A hush descended upon the gathering as the chiming of bells began to sound. To be sure, it seemed as if they echoed from across some watery expanse, setting an appropriately haunting mood and signaling the start of the performance. What followed was Miss Bavan’s inimitable rendering of The Princess of Wax. With a gorgeously lyrical voice and movements remarkable for their feline grace, the supernatural tragedy of the tale’s star-crossed lovers was brought to vivid life. And no better backdrop for the reading could have been concocted than Mme Bachelier’s exquisite paintings that surrounded the spellbound audience. A well-earned and thunderous ovation followed.
In addition to the pleasure of her delectable vocal performance, Miss Bavan provided visual thrills as well. Devastatingly soignée, she was attired in a cocktail dress of black satin and lace, its sash set aglow by a glinting diamanté buckle, from the spring 2003 collection of John Galliano (Paris). Indeed, the eminent designer personally provided this discreetly provocative garment for the affair. And it should be recalled that Mr Galliano has often cited the Marchesa Casati as an inspiring force, most dramatically expressed in his renowned spring/summer 1998 collection for Dior that was completely based upon her.
The festivities flowed on, as did the champagne, well past the gallery’s intended closing time. Although before then, several of the most monumental of Mme Bachelier’s works, as well as numerous copies of the sumptuously fashioned book, were acquired by lucky admirers. And during this time, attendees were given the opportunity to chat with the artist and authors. Among the many charming guests was Joan T. Rosasco, noted international fine art exhibition coordinator and author of Voies de l’imagination proustienne. The ever-elegant Miss Rosasco offered a fitting précis to the successful fête: ‘This strange, magical conte cruel cast a spell in the gallery that seemed to be hung with windows into another world. Anne Bachelier’s work is magnificent. And Yolande Bavan’s unforgettable performance incarnated the spirit of the peculiar tale.’
Also sharing in the festivities was Grazia D’Annunzio, the prominent international journalist and Special Projects Editor for Vogue Italia. She just also happens to be the great-grandniece of Gabriele D’Annunzio, the notorious writer who shared an amour with the Marchesa Casati in those quainter days before the Great War.
The vivacious Sig.na D’Annunzio was among the first at the reception to set eyes on the book of The Princess of Wax. ‘What a mesmerizing tale! In this Edgar Allan Poe-esque nightmare, Venice and La Casati have never been so enchanting and decadent,’ Sig.na D’Annunzio proclaimed. ‘Anne Bachelier’s illustrations, so surreal and so wonderfully rich in detail, are the perfect visualization of an intriguing, never-ending journey through eccentricity, obsession, love, cruelty, glamour and destiny.’

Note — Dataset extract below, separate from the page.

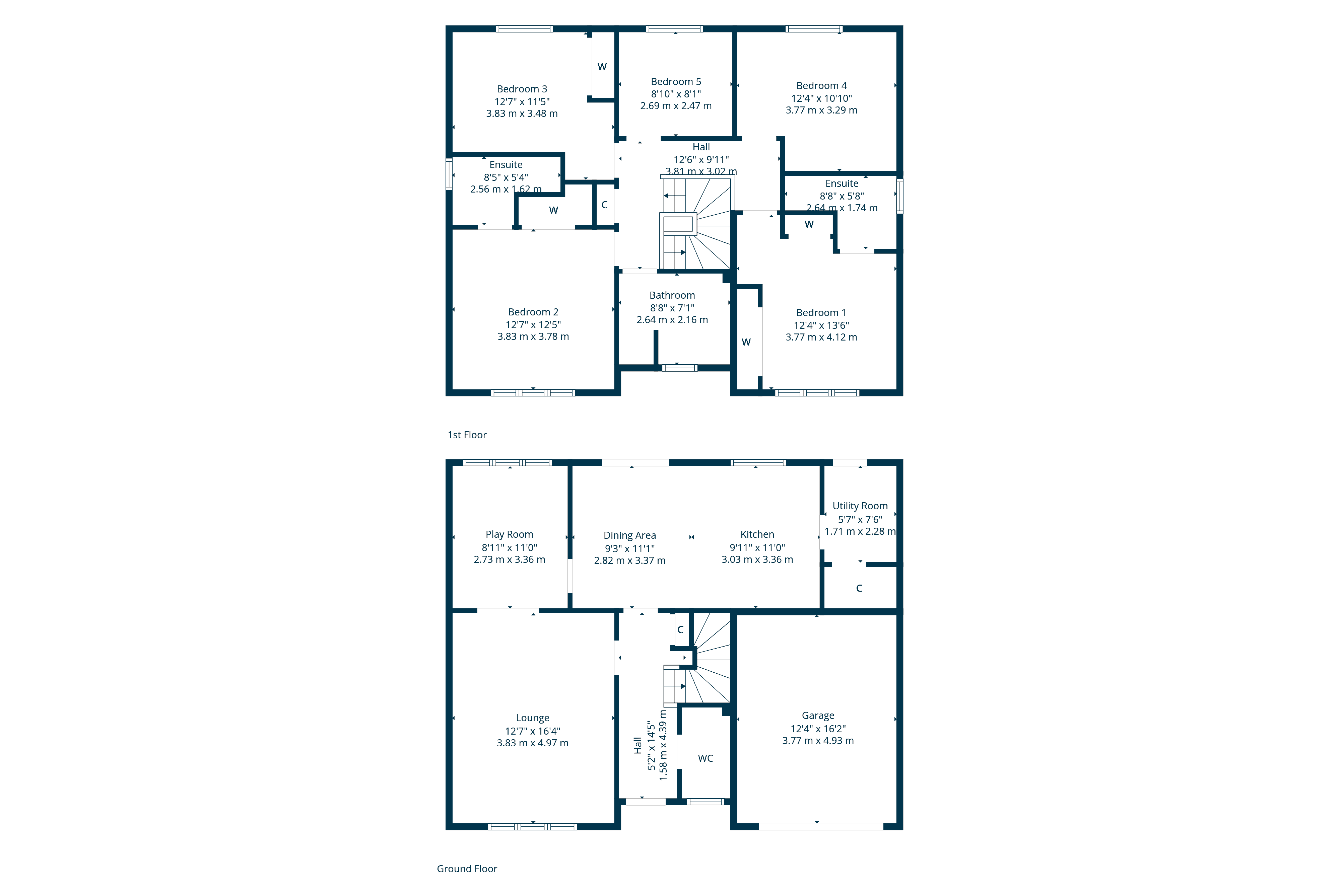 Internally, the property is finished in fresh contemporary tones, with the accommodation comprising: entrance hallway with W.C off, a spacious lounge to the front with glazed French doors leading to a dining room to rear. The kitchen hosts a broad range of units, with upgraded worktops and integrated appliances, ample space for dining table and chairs and a walk-in pantry style cupboard. There is also a utility room and an abundance of storage throughout the home. The upper level hosts five well-proportioned bedrooms, two en-suite bathrooms, and a main family bathroom with white three piece suite and separate shower enclosure

Further artworks and books were snapped up by wise collectors during an all-day book-signing with Mme Bachelier and Messrs Ryersson and Yaccarino on the following Saturday at the gallery. This trend continued throughout the remainder of a truly magical five-week exhibition that will not be long forgotten. And although not present at the previously described events, Lady Moorea Black, granddaughter to and only living direct descendent of the Marchesa Casati, graciously commented on The Princess of Wax from her home in London. ‘This is a beautiful and marvellously produced book,’ the late Lady Moorea praised, ‘and quite a wonderful fairy tale, too.’ One cannot help but believe that her truly unique grandmother would join Lady Moorea in this blessing.